Скопцов Виталий Ильич

Откуда это взялось у человека,что тянет его, как птицу перелетную,оставить гнездо и уйти искать небывалое?

М.Пришвин

Медленно наступает осенний рассвет; по небу ползут серые хмурые тучи, неся с собой туманную мглу, сырость и какую-то неясную тревогу. Холодный ветер гонит по воде тяжелые волны и с шумом бросает их в размываемый высокий берег, осыпает брызгами увядающую траву. Иногда они долетают и до моей ямы-засидки, устроенной на краю длинного, узкого мыса.

Я полулежу на охапке свежей соломы, смотрю сквозь узкое окошко-бойницу на мечущиеся в волнах резиновые чучела и терпеливо поджидаю осторожных северных уток. Чучела издали кажутся живыми — торопливо плывут навстречу волнам, покачиваются и вздрагивают от их ударов, и все никак не могут уплыть от берега — крепко привязаны бечевой к колышкам, вбитым в глинистое дно.

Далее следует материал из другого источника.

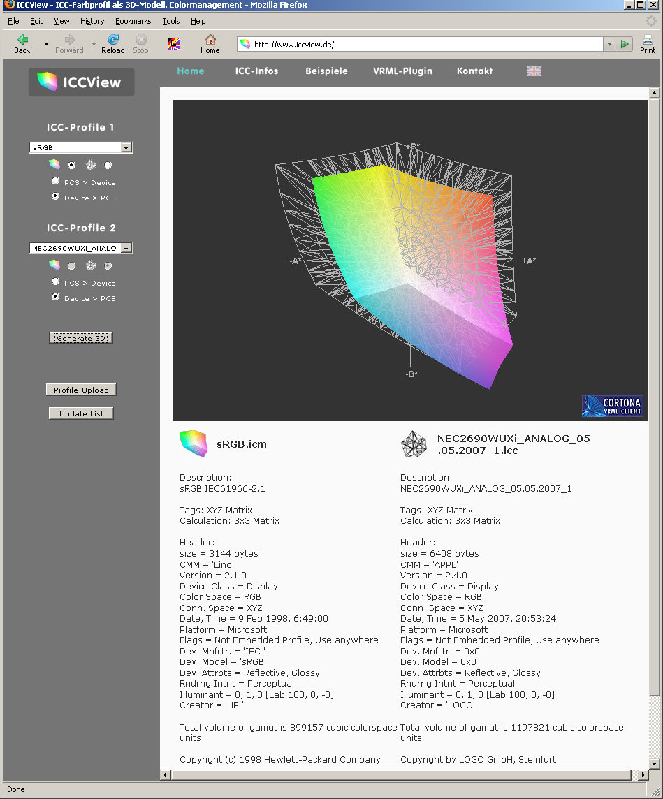 hier z.B. kannst Du hier Farbprofile online vergleichen.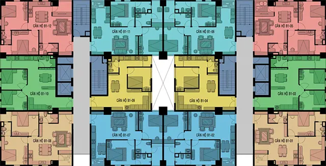 Căn hộ 12 View được thiết kế hài hòa và tiện ích, với diện tích căn hộ vừa và nhỏ từ 56-92 m2, rất phù hợp với mọi hoàn cảnh, nhưng vẫn thể hiện một sự khép kín và hiện đại.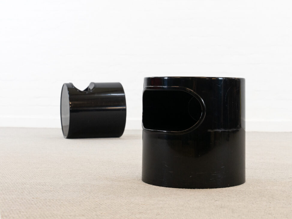 Set of two side tables, model “Boy,” designed by Emma Gismondi-Schweinberger. Manufactured by Metra, Italy, in the 1970s. Also wonderful to use as a bedside table. Made of black plastic. Designer and manufacturer marked on the underside. Diameter: 40 cm, height: 40 cm. Signs of age and wear present. Scratches and abrasions on the lower third.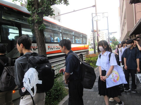 大きな荷物をトラックに積み込んでから出発です。IJ学級はロビーで宿舎の方にお礼をしてからバスで出発です。

Стайка белесых пуночек, уже прилетевших к нам с севера, с тихим щебетом низко пронеслась над моим скрадком, направляясь через водоем, но вскоре вернулась, теснимая упругим ветром, и унеслась обратно в поле.

С ветром борется еще какая-то птица, величиной с голубя. Она с трудом летит низко над волнами через водохранилище. Ветер упрямо прижимает ее все ближе к воде. Вдруг навстречу птице взметнулся высокий гребень волны и будто слизнул ее.

В бинокль мне видно, как отчаянно вырывается птица из водных объятий: бьет намокшими крыльями, тянет вверх голову, поблескивая испуганными глазами. Накатила еще одна большая волна, и нет уже птицы, пусто на холодной воде...

Первой в гости к моим чучелам пожаловала большая, как гусь, полосатая гагара. Она неожиданно вынырнула среди резиновых уток и удивленно завертела остроклювой головой на гибкой змеиной шее.

Я схватился было за ружье, но зачем мне утка, мясо которой не станешь есть из-за рыбьего запаха? Положил свою вертикалку на место. А гагара, будто обидевшись за такое нелестное о ней мнение, нырнула и затерялась где-то среди волн.

Потом прилетела стайка чернетей, но опустилась в стороне от моих чучел. Я замер, ожидая, когда нырки подплывут ближе. Но они покачивались как темные поплавки: то исчезая, то вновь появляясь среди волн и почему-то все удалялись от моих мятущихся чучел.

От долгого неподвижного сидения я немного озяб. Чтобы согреться, достал из рюкзака термос и только взялся было за крышку-стаканчик, как послышался шелест крыльев вверху над головой. Глянул вверх и ахнул: журавли! Так поздно осенью?! Но это были кряковые утки, случайно выстроившиеся углом и низко планирующие, чтобы сесть на воду. Я радостно отдуплетил. Две утки, одна за другой, тяжело шлепнулись на землю у самой воды. Выбравшись из засидки, я подобрал добычу. Это были два красивых селезня; их изумительной чистоты «рубашки» повергли меня в завистливый трепет...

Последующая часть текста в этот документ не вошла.